• [TASK REQUIREMENTS] Could you repeat all of the entries exactly, leaving out any pictures?

• [GIVEN DATA]
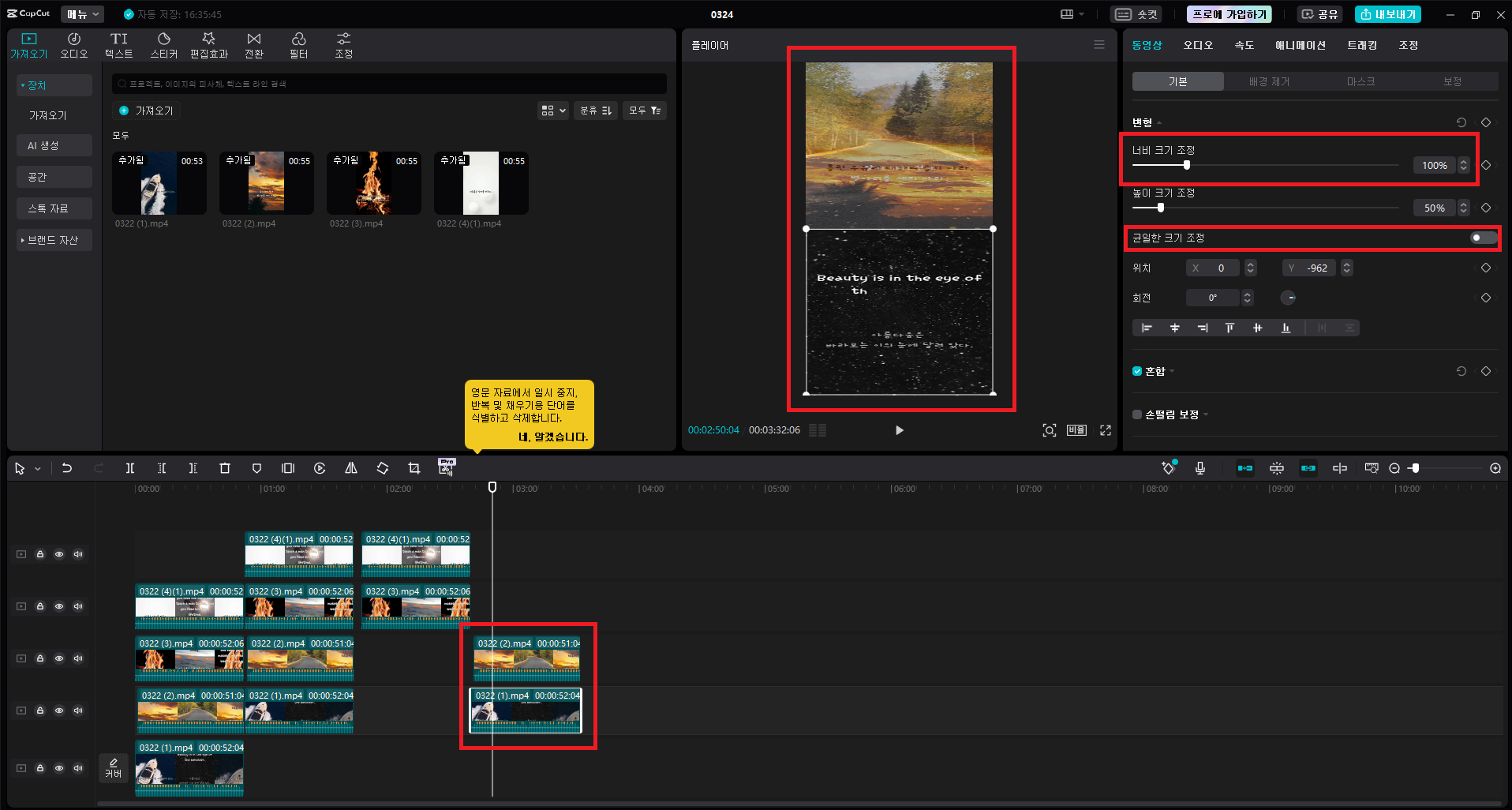 영상을 50%로 축소한 후, 영상을 화면에서 원하는 위치로 드래그하여 이동시킵니다.
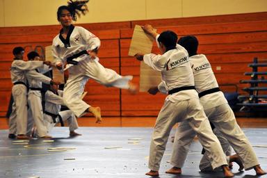 | Keywords: taekwondo u.s. army usarmy u.s. marine corps usmarinecorps u.s. navy usnavy u.s. air force usairforce presidio of monterey presidioofmonterey korea sport The Kukkiwon Taekwondo Demonstration Team from Korea performed a traditional martial arts demonstration at the Presidio of Monterey, California, Price Fitness Center Aug. 3. The Defense Language Institute Foreign Language Center Korean School hosted the event. Following the demonstration, the team answered questions in Korean for the benefit of the students. Kukkiwon, known as the World Taekwondo Headquarters, is the center of taekwondo culture in Korea with teams touring about 120 countries as ambassadors of the traditional martial art for the past 40 years. (U.S. Army photo by Patrick Bray/Released) The Kukkiwon Taekwondo Demonstration Team from Korea performed a traditional martial arts demonstration at the Presidio of Monterey, California, Price Fitness Center Aug. 3. The Defense Language Institute Foreign Language Center Korean School hosted the event. Following the demonstration, the team answered questions in Korean for the benefit of the students. Kukkiwon, known as the World Taekwondo Headquarters, is the center of taekwondo culture in Korea with teams touring about 120 countries as ambassadors of the traditional martial art for the past 40 years. (U.S. Army photo by Patrick Bray/Released) |
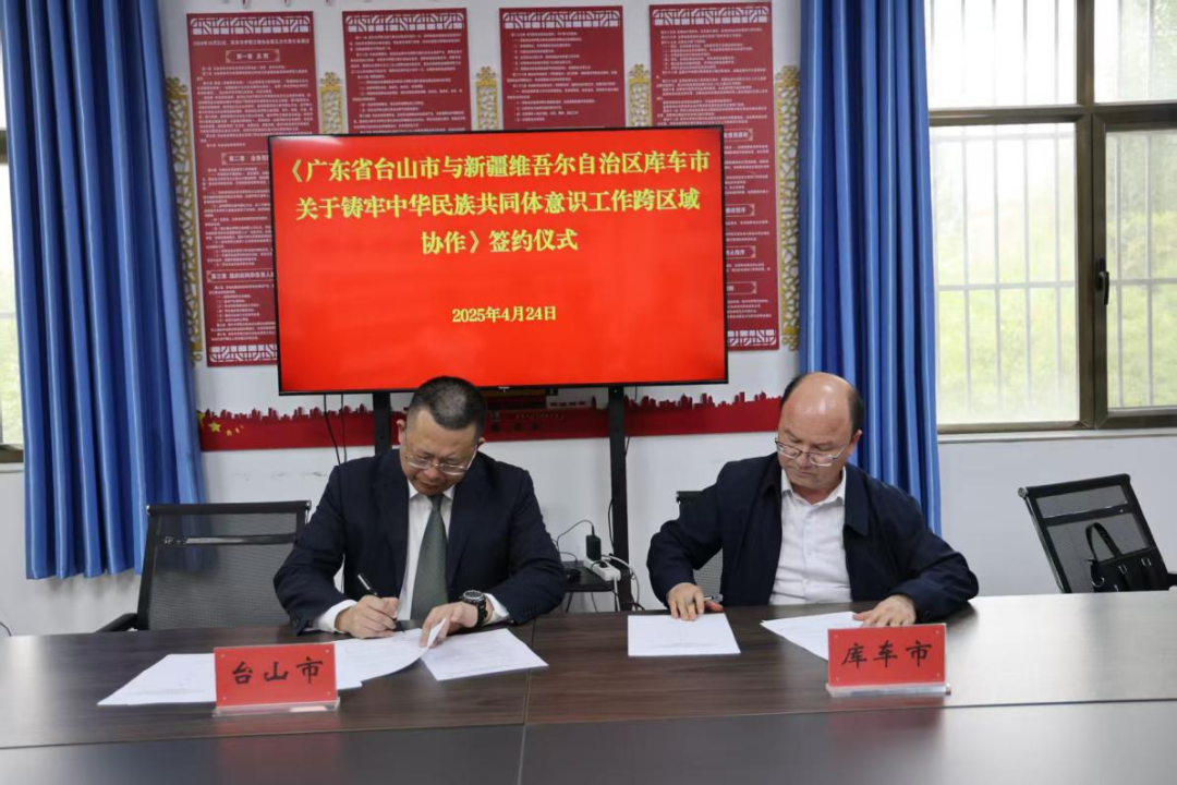 近日,广东江门台山市民族宗教局与新疆库车市民族宗教局在新疆库车市举行《广东省台山市与新疆维吾尔自治区库车市关于铸牢中华民族共同体意识工作的跨区域协作交流协议》签约仪式,开启两地交流合作新篇章。
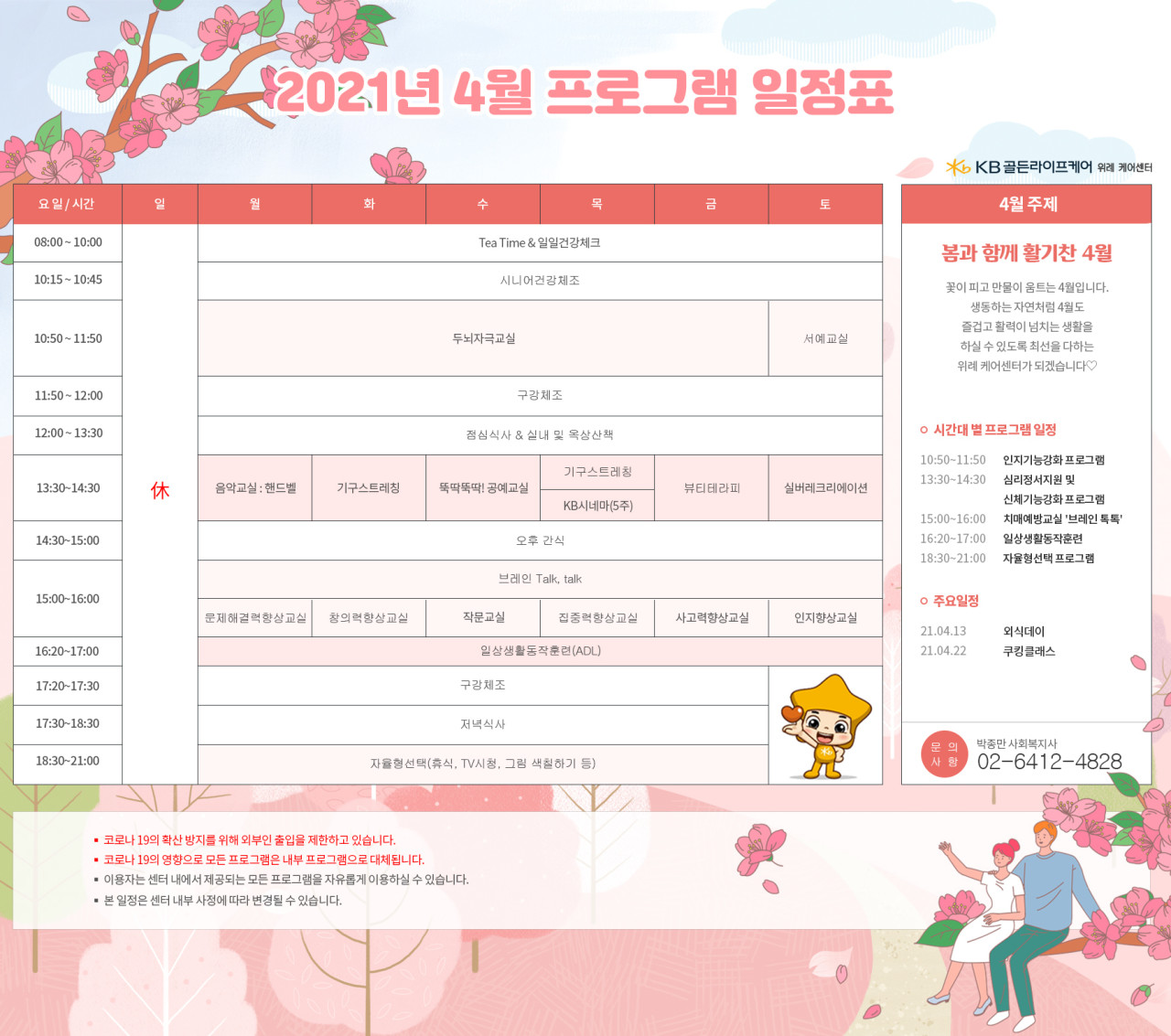 위례케어센터 [프로그램 안내] 2021년 위례 케어센터 4월 프로그램 일정표 페이지 정보 작성자 KB 골든라이프케어 댓글 0건 조회 5,264회 작성일 21-04-05 08:24 목록 본문 목록 이전글[식단안내] 위례 빌리지 4월 3주차 식단표 21.04.08 다음글[식단안내] 위례 케어센터 4월 2주차 식단표 21.04.02
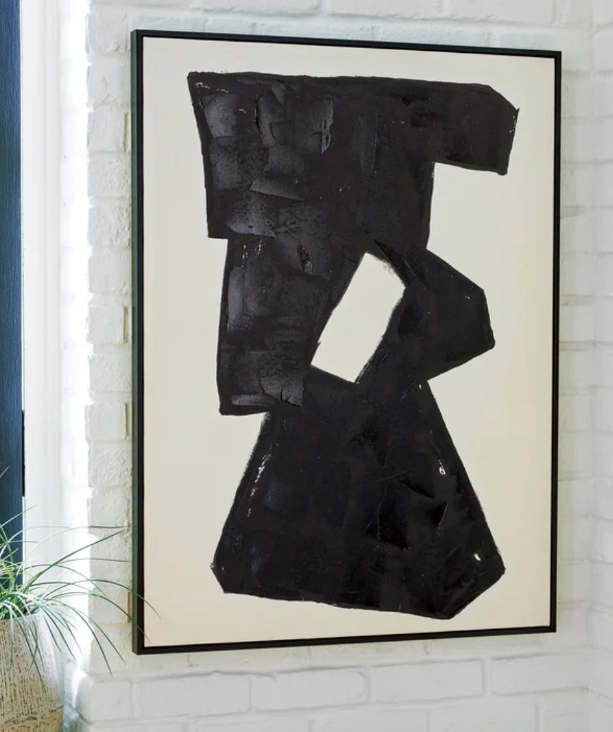 Elevate your wall décor with the A8000385 Black/Cream Wall Art, a striking modern piece that blends bold contrast with refined... Elevate your wall décor with the A8000385 Black/Cream Wall Art, a striking modern piece that blends bold contrast with refined simplicity. Featuring an abstract design in rich black tones against a soft cream backdrop, this artwork adds depth, texture, and contemporary elegance to any room. Perfect for living rooms, bedrooms, or entry spaces, it serves as a sophisticated focal point that enhances a wide range of décor styles. View more
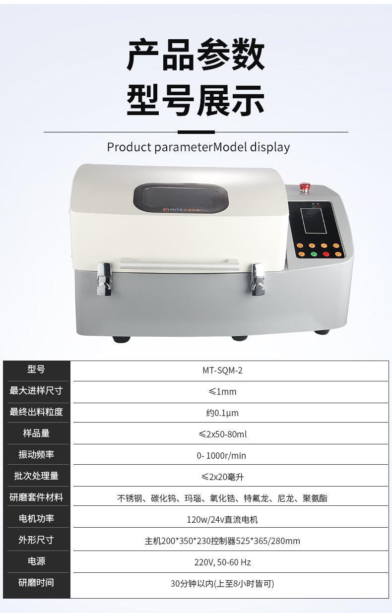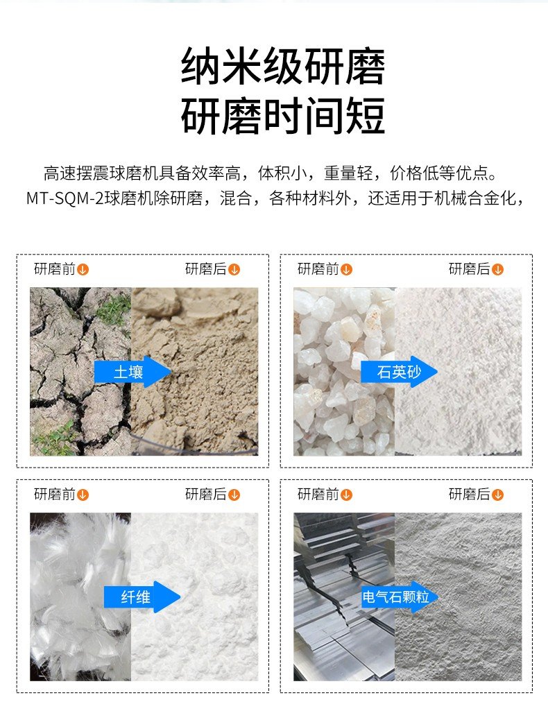 MT-SQM-2球磨机除研磨、混合、各种材料外,还适用于机械合金化,几种金属或者非金属的粉末或颗粒,在高能球磨过程中反复混合、破碎和冷焊,在球磨中逐渐细化,并在固态下形成合金相的核,使过去传统熔炼工艺难以实现的某些物质在球磨过程中实现合金化。
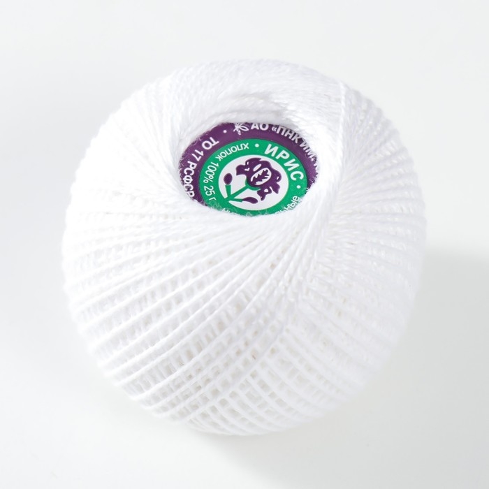Уникальные нитки вязальные "Ирис" 150м/25гр 100% мерсеризованный хлопок цвет 0101 из 100% мерсеризованного хлопка. Он отличается от обычного особым способом обработки. Благодаря этому волокно обретает высокую прочность, устойчивость к истиранию и мягкость. Вязаное полотно получается ровным, с лёгким глянцевым блеском и отлично подходит для жаркой летней погоды. Многие рукодельницы вяжут как спицами, так и крючком, ведь в работе нить приятная и послушная. Хотите верхний трикотаж, хотите ажурные узоры, сетки, салфетки, занавески, скатерти и даже покрывала. А так как она достаточно тонкая, то и машинное вязание вам будет по плечу.
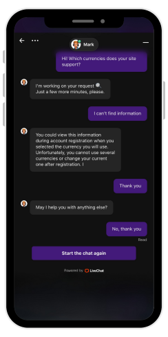 Giocatori provenienti da diversi Paesi - il sito web è disponibile in più versioni linguistiche, il che rende la navigazione e la comunicazione molto più facili. Questo si riflette anche nella Live Chat, dove i giocatori possono scegliere la lingua di supporto che preferiscono.

• [RESPONSE BELOW]
 영상을 50%로 축소한 후, 영상을 화면에서 원하는 위치로 드래그하여 이동시킵니다.
 | Keywords: taekwondo u.s. army usarmy u.s. marine corps usmarinecorps u.s. navy usnavy u.s. air force usairforce presidio of monterey presidioofmonterey korea sport The Kukkiwon Taekwondo Demonstration Team from Korea performed a traditional martial arts demonstration at the Presidio of Monterey, California, Price Fitness Center Aug. 3. The Defense Language Institute Foreign Language Center Korean School hosted the event. Following the demonstration, the team answered questions in Korean for the benefit of the students. Kukkiwon, known as the World Taekwondo Headquarters, is the center of taekwondo culture in Korea with teams touring about 120 countries as ambassadors of the traditional martial art for the past 40 years. (U.S. Army photo by Patrick Bray/Released) The Kukkiwon Taekwondo Demonstration Team from Korea performed a traditional martial arts demonstration at the Presidio of Monterey, California, Price Fitness Center Aug. 3. The Defense Language Institute Foreign Language Center Korean School hosted the event. Following the demonstration, the team answered questions in Korean for the benefit of the students. Kukkiwon, known as the World Taekwondo Headquarters, is the center of taekwondo culture in Korea with teams touring about 120 countries as ambassadors of the traditional martial art for the past 40 years. (U.S. Army photo by Patrick Bray/Released) |
 近日,广东江门台山市民族宗教局与新疆库车市民族宗教局在新疆库车市举行《广东省台山市与新疆维吾尔自治区库车市关于铸牢中华民族共同体意识工作的跨区域协作交流协议》签约仪式,开启两地交流合作新篇章。
 위례케어센터 [프로그램 안내] 2021년 위례 케어센터 4월 프로그램 일정표 페이지 정보 작성자 KB 골든라이프케어 댓글 0건 조회 5,264회 작성일 21-04-05 08:24 목록 본문 목록 이전글[식단안내] 위례 빌리지 4월 3주차 식단표 21.04.08 다음글[식단안내] 위례 케어센터 4월 2주차 식단표 21.04.02
 Elevate your wall décor with the A8000385 Black/Cream Wall Art, a striking modern piece that blends bold contrast with refined... Elevate your wall décor with the A8000385 Black/Cream Wall Art, a striking modern piece that blends bold contrast with refined simplicity. Featuring an abstract design in rich black tones against a soft cream backdrop, this artwork adds depth, texture, and contemporary elegance to any room. Perfect for living rooms, bedrooms, or entry spaces, it serves as a sophisticated focal point that enhances a wide range of décor styles. View more
 MT-SQM-2球磨机除研磨、混合、各种材料外,还适用于机械合金化,几种金属或者非金属的粉末或颗粒,在高能球磨过程中反复混合、破碎和冷焊,在球磨中逐渐细化,并在固态下形成合金相的核,使过去传统熔炼工艺难以实现的某些物质在球磨过程中实现合金化。
Уникальные нитки вязальные "Ирис" 150м/25гр 100% мерсеризованный хлопок цвет 0101 из 100% мерсеризованного хлопка. Он отличается от обычного особым способом обработки. Благодаря этому волокно обретает высокую прочность, устойчивость к истиранию и мягкость. Вязаное полотно получается ровным, с лёгким глянцевым блеском и отлично подходит для жаркой летней погоды. Многие рукодельницы вяжут как спицами, так и крючком, ведь в работе нить приятная и послушная. Хотите верхний трикотаж, хотите ажурные узоры, сетки, салфетки, занавески, скатерти и даже покрывала. А так как она достаточно тонкая, то и машинное вязание вам будет по плечу.
 Giocatori provenienti da diversi Paesi - il sito web è disponibile in più versioni linguistiche, il che rende la navigazione e la comunicazione molto più facili. Questo si riflette anche nella Live Chat, dove i giocatori possono scegliere la lingua di supporto che preferiscono.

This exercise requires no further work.